Волосы свободно падают на плечи. Голову она держит высоко — не от гордости, а просто потому, что она такая красивая и смелая. Глаза горячие, лукавые и такие глубокие, что в них отражается весь мир. Глядя в такие глаза, нельзя покривить душой. Они напоминают глаза матери, но в них больше молодости, больше огня, как у Кюлли…

«Вот оно что, — рассмеялся сумрак, — вот, значит, какая тебе нужна сестрица. И что же дальше?»

— Нрав у нее озорной, почти отчаянный. Старые люди говорят, что и для парня-то это слишком, не то что для девушки.
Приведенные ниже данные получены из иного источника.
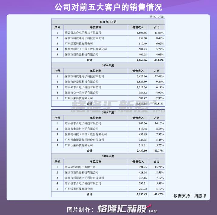 报告期内,晶华微对前五大客户的销售金额分别占比42.47%、40.77%、50.81%和40.13%,其中2021上半年前五大客户包括缙云县志合电子、科视通电子、沃莱科技、优利德科技和新贵晶科技。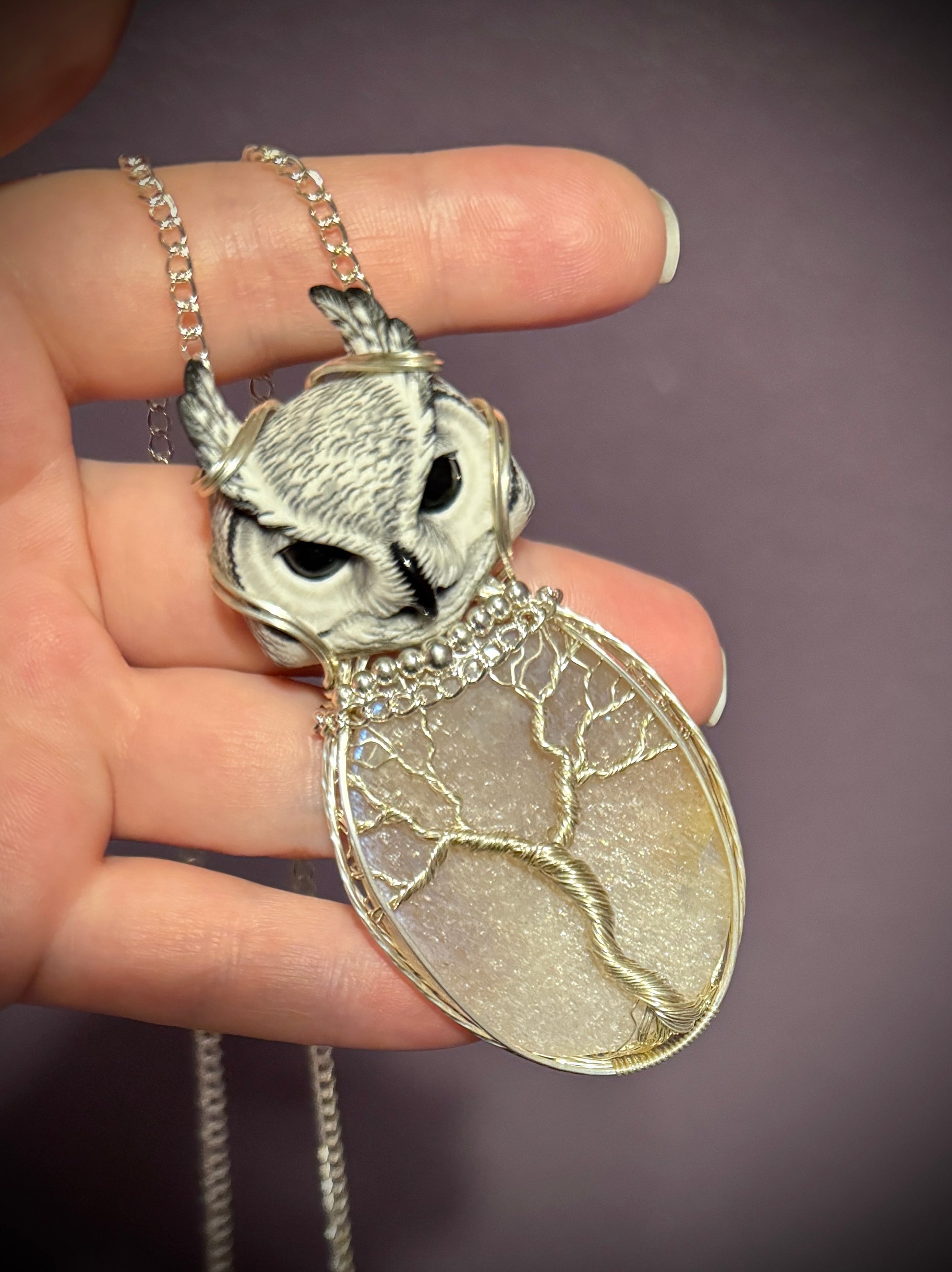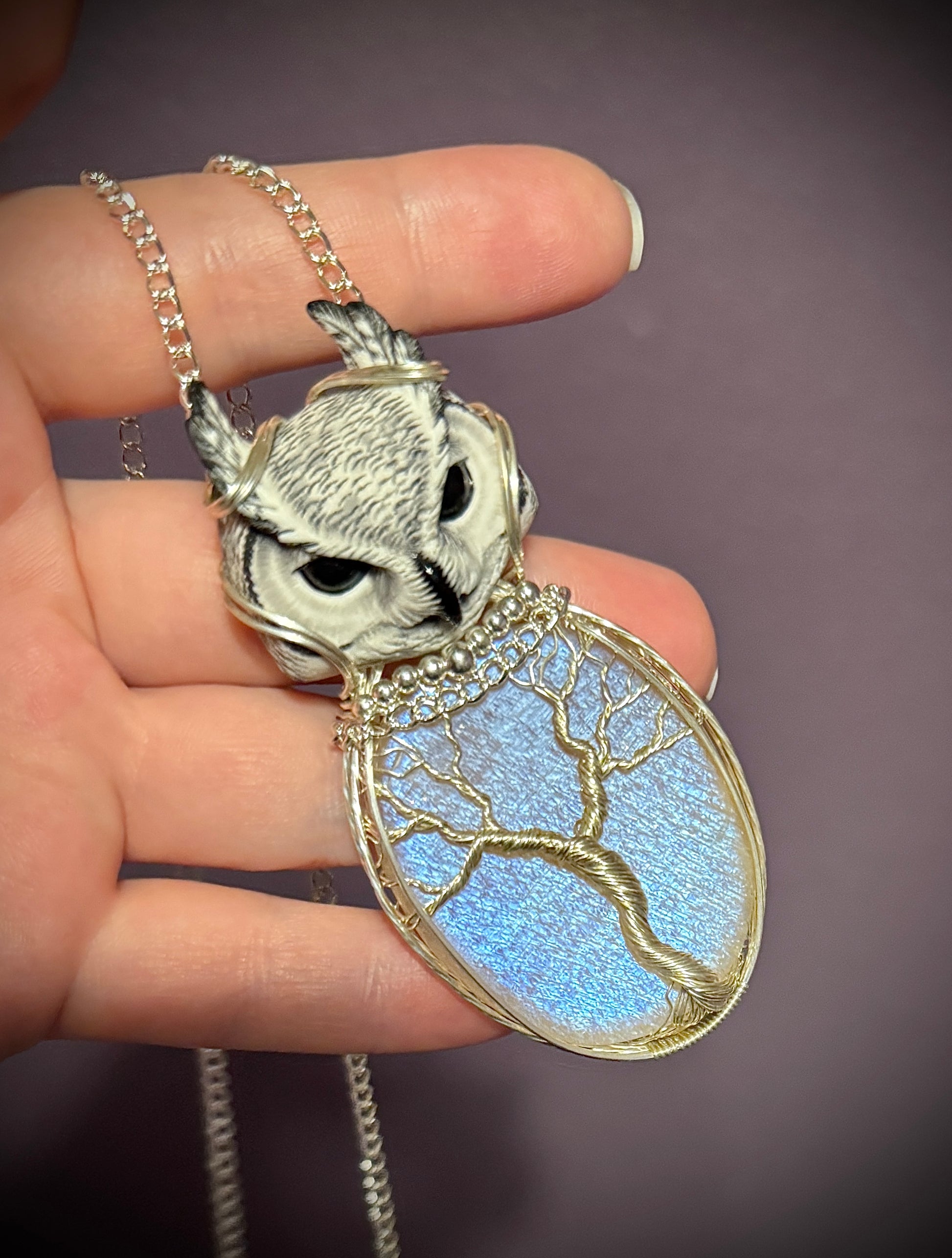 Gorgeous Belomorite Moonstone wrapped in solid sterling silver with a tree of life design and a super cute polymer clay Owl above. Comes with a 20” attached chain.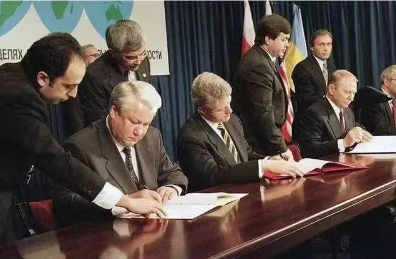 外交家们在谈判桌上唇枪舌剑,最终乌克兰同意交出全部战略核弹头。美国在1.75亿美元的基础上,再追加3.5亿美元援助。核弹头销毁后产生的浓缩铀,俄罗斯同意把出售收入与乌克兰分享,同时向乌克兰的核电站提供商用浓缩铀。

Но ее и это красит. В такие вот зимние сумерки она возвращается с лыжной прогулки и влетает в дом с таким шумом, что двери стонут. Потом она бросается мне на колени, кладет руки на мои плечи, лукаво заглядывает в глаза и говорит:

«Что это ты опять пригорюнился, братец?»

Мне сразу становится веселее, но я все-таки отвечаю ей строго:

«Какой ты еще ребенок, Майю. Настоящий сорванец. Руки холодные… и шум такой поднимаешь…»

«А ты просто бука! Сидишь тут, словно монах. То ли дело — мчаться с горы на лыжах так, что снег взвивается!»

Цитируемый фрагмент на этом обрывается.